Il sistema di estorsione

Secondo quanto emerso, il gruppo operativo, guidato dalla ditta Pr Appalti Srl, con sede nella provincia di Napoli, si era erroneamente mascherato sotto il velo di contratti legittimi per il subappalto di opere. Le estorsioni avvenivano attraverso la richiesta di pagamenti per prestazioni lavorative non effettuate. Gli indagati, si apprende, erano capaci di occupare fisicamente i cantieri e utilizzare gli operai per esercitare pressione sulle vittime, costringendole a cedere ai pagamenti illeciti.

La Pr Appalti, amministrata da Raffaele Panico, uno degli arrestati, otteneva subappalti per importi modesti, generalmente compresi tra i 10.000 e i 15.000 euro. Tuttavia, i costi finali per i committenti lievitavano, arrivando a centinaia di migliaia di euro. I pagamenti venivano estorti sotto minaccia, come evidenziato dall’intensità delle intimidazioni verbali riscontrate durante le intercettazioni.

Le minacce agli imprenditori

Tra i metodi intimidatori utilizzati spiccavano le minacce dirette.
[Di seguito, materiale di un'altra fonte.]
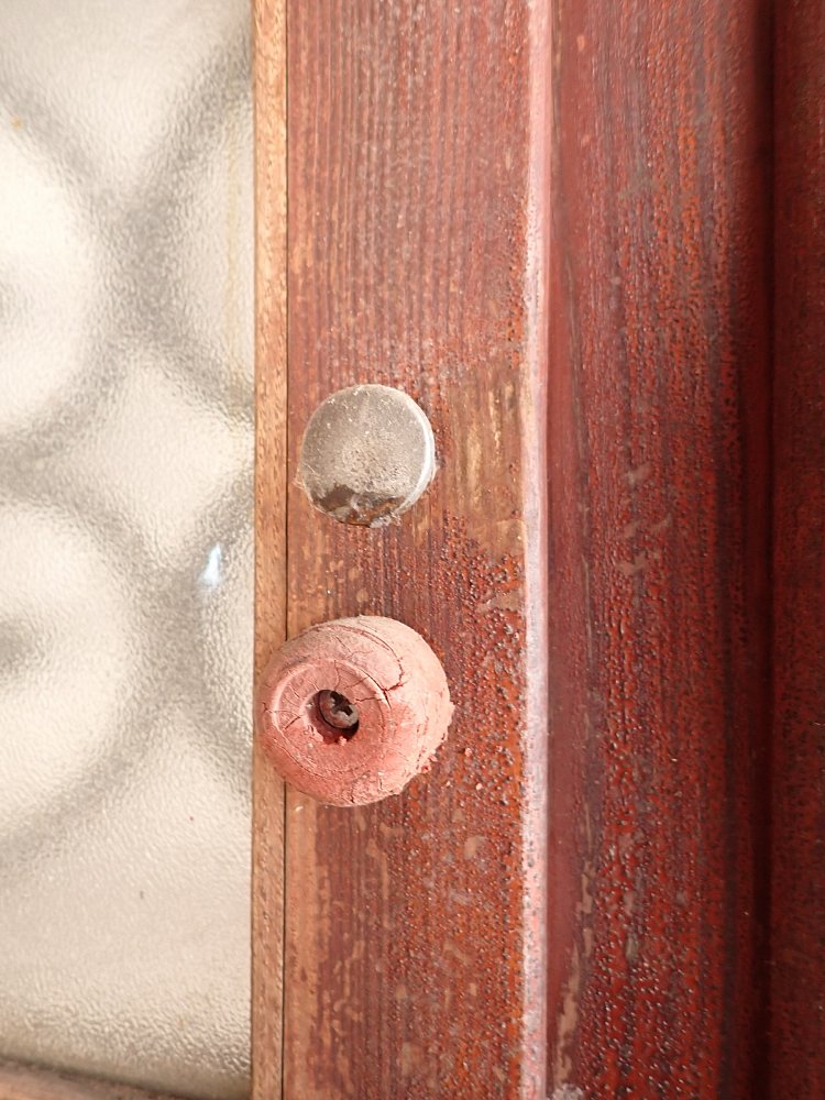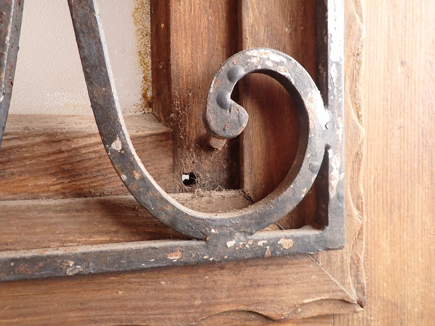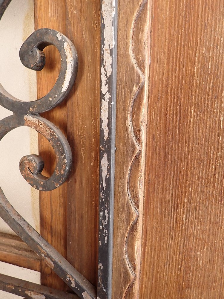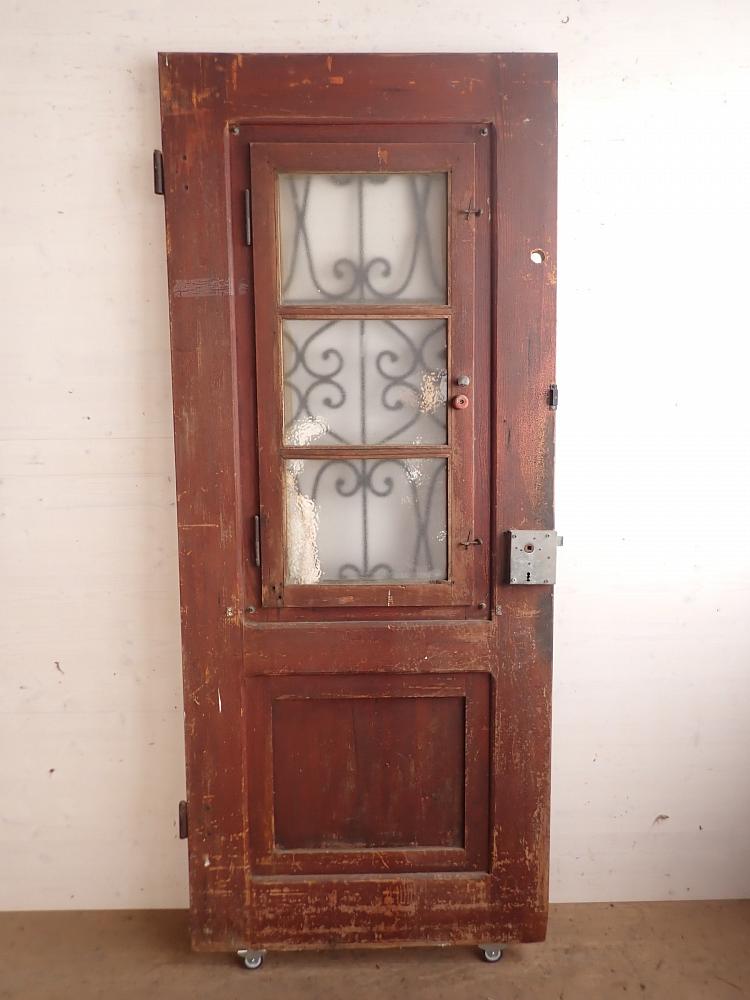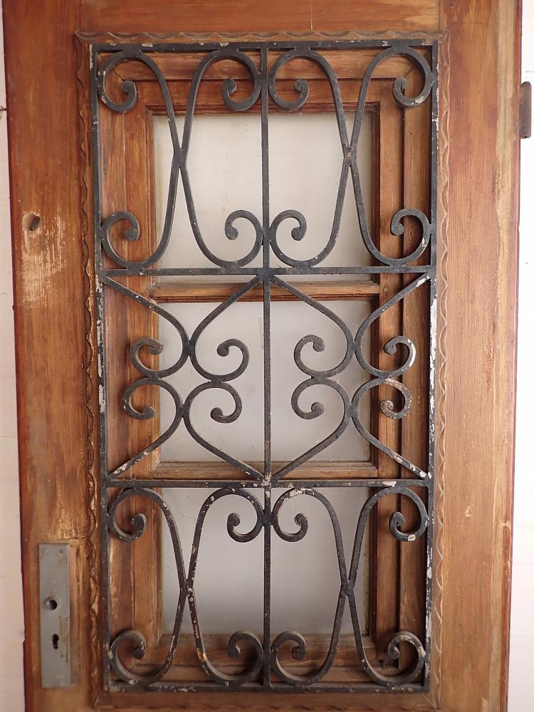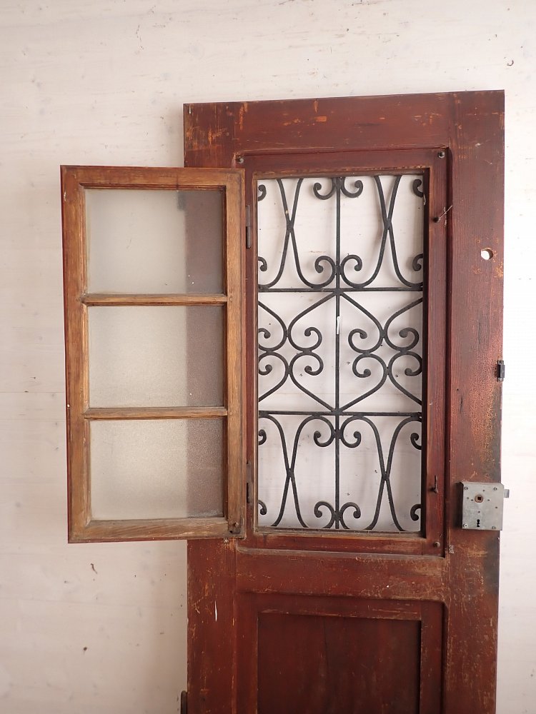 Die Haustür ist aus Nadelholz gefertigt und ist mit einem schmiedeeisernen Gitter und einem Fenster gestaltet. Das sprossenteilende Fenster lässt sich nach innen öffnen. Das dekorative Gitter ist außen an der Tür angebracht. An der Tür befindet sich ein Schloss, aber keine Türklinken. Da lässt sich in unserem Türzubehör bestimmt etwas Passendes finden.
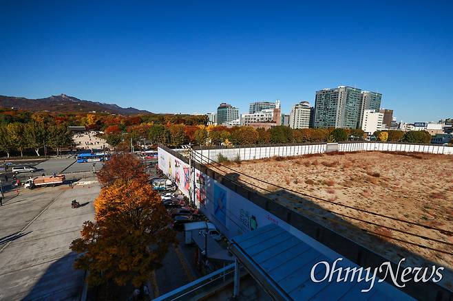 | ▲ 11월 10일 오후 서울 종로구 세운4구역 도시정비형 재개발사업 공사현장(사진 오른쪽). 사진 위쪽으로 종묘 입구가 보인다. |

Giuseppe Castiello, uno degli indagati, non esitava a contattare via telefono le sue vittime con insulti e avvertimenti espliciti. In un intercettazione, un imprenditore veniva minacciato con frasi fuoristiche e aggressive, che esprimevano la volontà di ricorrere alla violenza fisica se non avesse proceduto con i pagamenti richiesti.

Alle intimidazioni verbali si affiancavano azioni fisiche. Il gruppo criminale, secondo quanto riportato, era pronto a occupare i cantieri e a sfruttare la presenza degli operai per legittimare le proprie pretese, rendendo difficile per le vittime rifiutare di pagare.

La reazione delle forze dell’ordine

Le indagini, durate oltre un anno, hanno messo in luce come la criminalità organizzata stia trovando nuovi metodi per esercitare il proprio controllo nel settore degli appalti pubblici. Le autorità hanno evidenziato la necessità di un monitoraggio costante e di misure di sicurezza per prevenire episodi simili e tutelare le vittime di queste pratiche illecite.

Attualmente, i dieci indagati si trovano in custodia cautelare, e le indagini procedono per fare luce su eventuali ulteriori collusioni e per fornire supporto alle vittime di estorsione. Gli sviluppi dell’inchiesta potrebbero rivelare ulteriori dettagli sul modus operandi del clan Moccia e sul suo impatto sull’economia locale.